For over three decades, Weird Al has been engaging in serious reflection of culture. His reflection is bundled up and wrapped around rock and pop tunes and a comedic veneer, but his re-writing of lyrics break open genres and open us up to something new. In his newest release, Alpocalypse, the cover of which portrays him as one of the four horsemen of the apocalypse (although personally, his horse would have looked better as a carousel horse), Al takes on media obsession with celebrities in “TMZ”, celebrities pushing the boundaries in “Perform This Way”, loss of innocence in “Party In the C.I.A.” and even the power of myth in “CNR” (which frankly is one hard-rocking and get-the-blood-pumping tune). By crossing tunes and themes, he creates something greater than just parodies.
His use of Miley Cyrus’ “Party In the U.S.A.” about black ops and the life of a spy, is a great contrast when Miley is trying to move from the Disney channel girl image to something more grown-up, while at the same time having to deal with the spotlight being so constantly focused on her. How does society let her grow up? How does society grow up and mature in the midst of almost constant warring?
Society’s constant thirst for dirty laundry is addressed in “TMZ.” In our society where stars are accorded god-like status, TMZ exists only to bring them down. How does that desire to tear down icons correspond to the place of the divine in the larger culture?
Al builds up a mainstay of 60’s and 70’s television in “CNR” as he builds the myth of Charles Nelson Reilly. While not a parody per se, this song is in direct opposition to the image portrayed on screen. For those who can remember him, the images within the song (“he won the Tour de France with two flat tires and a missing chain” or “he could run a four-minute mile blindfolded with an engine block strapped to his back”) are not at all what was seen. A reminder that perhaps what the media shows us is not at all what is.
In “Perform This Way” perhaps the direct counter argument to Lady Gaga whose “Born This Way,” where celebrity performance is not to be directly connected to matters of being and identity.

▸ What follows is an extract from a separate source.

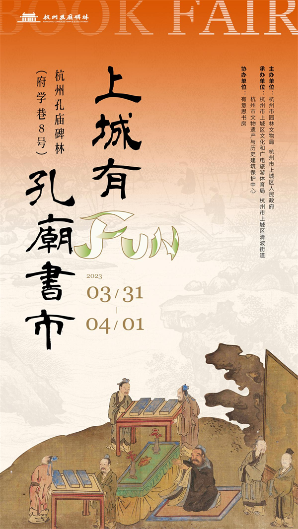 3月31日至4月1日,“上城有FUN,孔庙书市”在杭州孔庙举行,本次活动由杭州市园林文物局、杭州市上城区人民政府主办,杭州市上城区文化和广电旅游体育局、杭州市上城区清波街道、杭州市文物遗产与历史建筑保护中心承办,有意思书房协办。
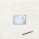 Sticky notes with a magical fantasy sky with fluffy blue clouds and a big beautiful moon. 2 white swans flying off together.

After all, shock and awe performances are mainly about getting people to watch.
Al’s comedic genius is not just his ability to turn pop songs into hilarious bits, but that he can open us up to something larger. His staying power, it seems, attests to this. He is ever timely in themes and tunes. He is in constant conversation with culture, lifting up and tearing down. Al is a model as theology engages culture. As Stephen Long wrote in Theology and Culture, “When we speak about God, we do not use some private language that God gives us. We use everyday language; the language that allows us to communicate the most mundane things as well as the most sublime.” Al engages the mundane and the weird in looking for truth.
Even his use of the Apocalypse imagery points to the Apocalypse fever of a few months ago. Al throws his own revelation out there for us to take in.